Бас Иаков в уборную вдвинуться и не пытался – взглянул из коридора, пророкотал:
– Как лампадку вынесу. На ладони.
И показал как будет нести – на вытянутой руке. И ни в одном суставе не дрогнет.
Свами тоже приняла участие: утренней росы налила.
Наконец позвали.
– Упадешь по трубе! – крикнул в спину Додик.
Предчувствуя священное беспамятство, Клава пошла навстречу свету и грому, перехватила у взывающей певицы:
Толька, Толька, Толька... и первым криком завела ждущий зал:
Слепила знакомая тьма:
синий-зеленый-красный
Клава не видела, но проникала сквозь вспышки: зал стоит, прыгает, пляшет, плачет, хлопает в едином сердце и готов броситься на сцену, на нее – или задохнуться под нею, сжимаемый лихорадочными бедрами.

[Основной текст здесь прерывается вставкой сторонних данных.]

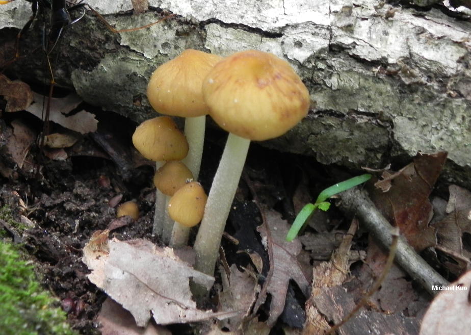 Hymenopellis sinapicolor [ Basidiomycota > Agaricales > Physalacriaceae > Hymenopellis . . . ] by Michael Kuo Originally collected by amateur mycologist Jay Justice in Arkansas, Hymenopellis sinapicolor is a small-spored, yellow-capped xeruloid mushroom recently designated (Petersen & Hughes, 2010) as a separate species supported by both mating and DNA analysis. I made the illustrated collection in Illinois, where the species was growing alongside whitish and brownish specimens of Hymenopellis incognita, around the same hickory stump. Since many of the xeruloid species are quite variable in color, I assumed all the specimens on the stump represented the same species--until, three and a half years later, I examined them under the microscope, where the yellow-capped specimens had significantly smaller spores and different cystidia. Older field guides probably combined Hymenopellis sinapicolor with what have since been designated as separate species of Hymenopellis, in treatments of "Collybia radicata," "Oudemansiella radicata," and "Xerula radicata." Description: Ecology: Saprobic on the deadwood of hardwoods; attached to buried deadwood near stumps and logs, appearing terrestrial; late spring; distribution uncertain. Originally described from Arkansas; illustrated and described here from Illinois. Cap: 3-5 cm; bell-shaped when young, becoming broadly bell-shaped to broadly convex or nearly flat in age; bald; somewhat radially wrinkled; sticky to greasy when young, but soon dry; honey yellow to mustard yellow. Gills: Attached to the stem by means of a notch and a tiny tooth that runs down the stem; distant or nearly so; white; short-gills frequent. Stem: 5-9 cm long above ground; 0.5-1 cm thick; tapering to apex; bald or finely fibrillose; whitish; with a tapering tap root extending up to 4 cm underground. Flesh: White; thin; unchanging when sliced. Odor and Taste: Not distinctive. Chemical Reactions: KOH on cap surface negative. Dried Specimens: Gills of dried specimens become pale pastel orange after several years in storage. Spore Print: White. Microscopic Features: Spores 9-12 x 6-8 µ; ellipsoid at maturity; smooth; inamyloid; hyaline in KOH. Hymenial elements of herbarium specimens mostly hyaline in KOH. Pleurocystidia fusoid-ventricose to widely fusoid-ventricose; usually with a neck or mucro; occasionally subcapitate; thin-walled; hyaline; smooth; to 100 x 35 µ. Cheilocystidia similar to pleurocystidia. Pileipellis hymeniform and somewhat gelatinized; pileocystidia thin-walled, hyaline, up to 95 x 25 µ. REFERENCES: R. H. Petersen & J. Justice, 2010. (Petersen & Hughes, 2010.) Herb. Kuo 05241104. This website contains no information about the edibility or toxicity of mushrooms. |

По одному бы добровольцу погибать для вдохновения в ее бедрах перед каждым концертом – и только позавидуют счастливцу!
И ничего нет сильнее и проще.
Все-все-все. Хором-хором-хорошо.
Так же хором все спасутся – если не рухнет крыша как перегруженный мост. А если рухнет – тем вернее вознесутся в рай прямо из-под обломков.
Слабее вспышки.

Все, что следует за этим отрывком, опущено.